TPNW – 2017 Treaty for the Prohibition of Nuclear Weapons    civil society campaign International Campaign to Abolish Nuclear Weapons

CCM – 2008 Convention on Cluster Munitions   civil society campaign Cluster Munition Coalition

MBT – 1997 Mine Ban Treaty   civil society campaign International Campaign to Ban Landmines

These three international conventions comprehensively ban weapons and contain remediation obligations and the obligation to assist victims of the weapons.

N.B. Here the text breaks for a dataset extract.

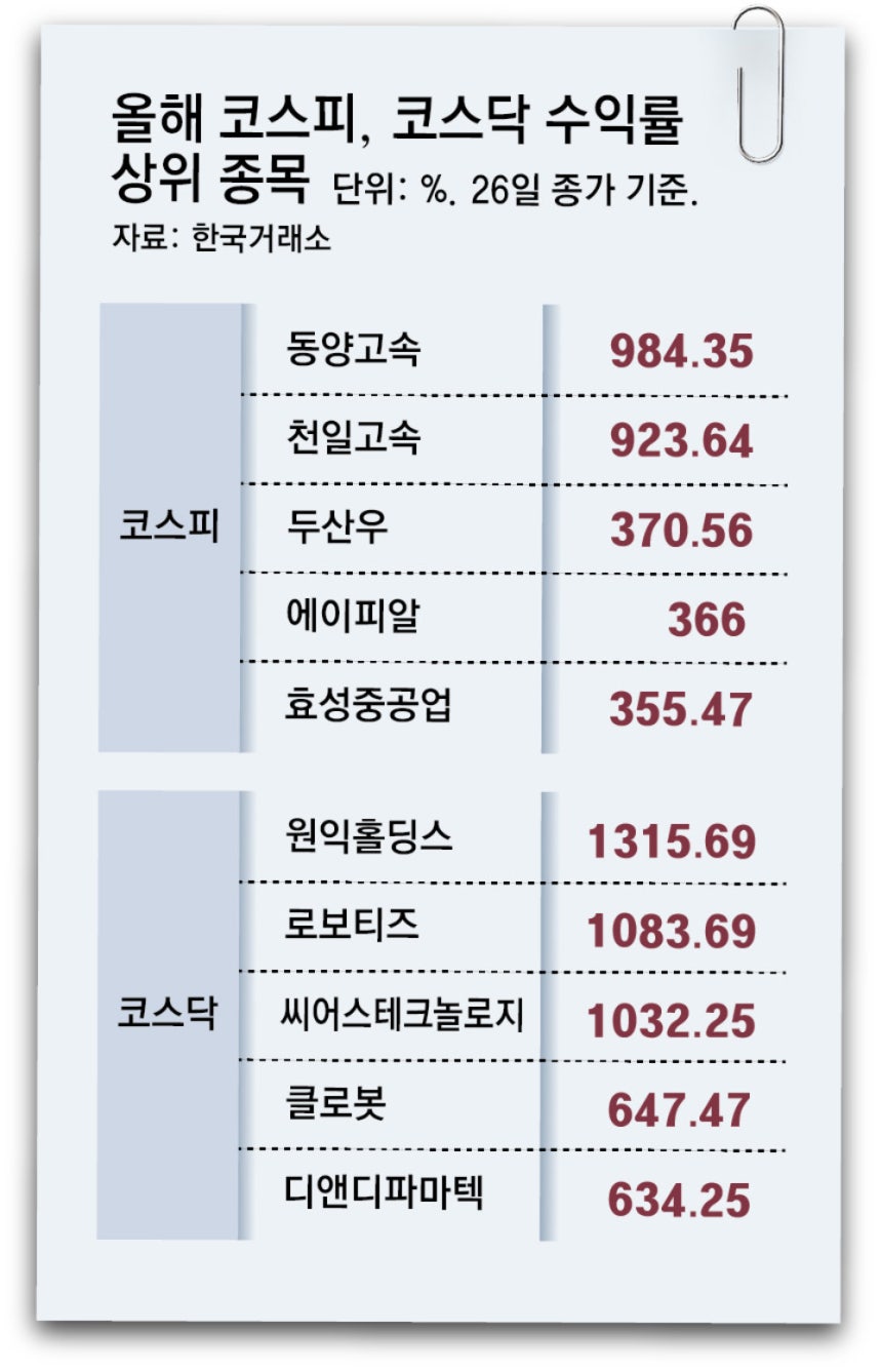 올 연말을 화려하게 장식한 테마는 로봇이었다.코스닥 수익률 상위권에는 원익홀딩스(1315.69%),로보티즈(1083.69%),클로봇(647.47%) 등 로봇기업이 이름을 올렸다.원익홀딩스는 올해 들어 26일까지 국내 증시에서 가장 많이 오른 종목으로 꼽혔다.

ATT – 2013 Arms Trade Treaty, this convention does not comprehensively ban any weapon but requires humanitarian and human rights conditions regarding the trade and transfer of weapons   Civil Society campaign Control ArmsInternational Action Network on Small Arms

EWIPA – 2022 Political Declaration on Strengthening the Protection of Civilians from the Humanitarian Consequences arising from the use of Explosive Weapons in Populated Areas, this is a political declaration and has moral but not legal force and states which have signed the declaration should not engage in the use of explosive weapons with wide-area effects in highly populated areas   Civil Society campaign International Network on Explosive Weapons

Automonous Weapons – as yet they are unregulated. The listed states have called for a legal binding international treaty on autonomous weapons, however it remains to be seen if a comprehensive ban on the weapons will be achieved   Civil Society campaign Stop Killer Robots

Ranking

1 for Ratification/Accession which legally binds states to the conventions obligations

.5 for Signature, state not fully legally bound but should not violate core prohibitions

.25 for less commitment than a signature or ratification

GCD – General and Complete Disarmament, some 15% of UN member states have achieved this – they do not possess military forces. They usually do maintain a national police force and border or coast guards which are lightly armed but possess no heavy or offensive weaponry.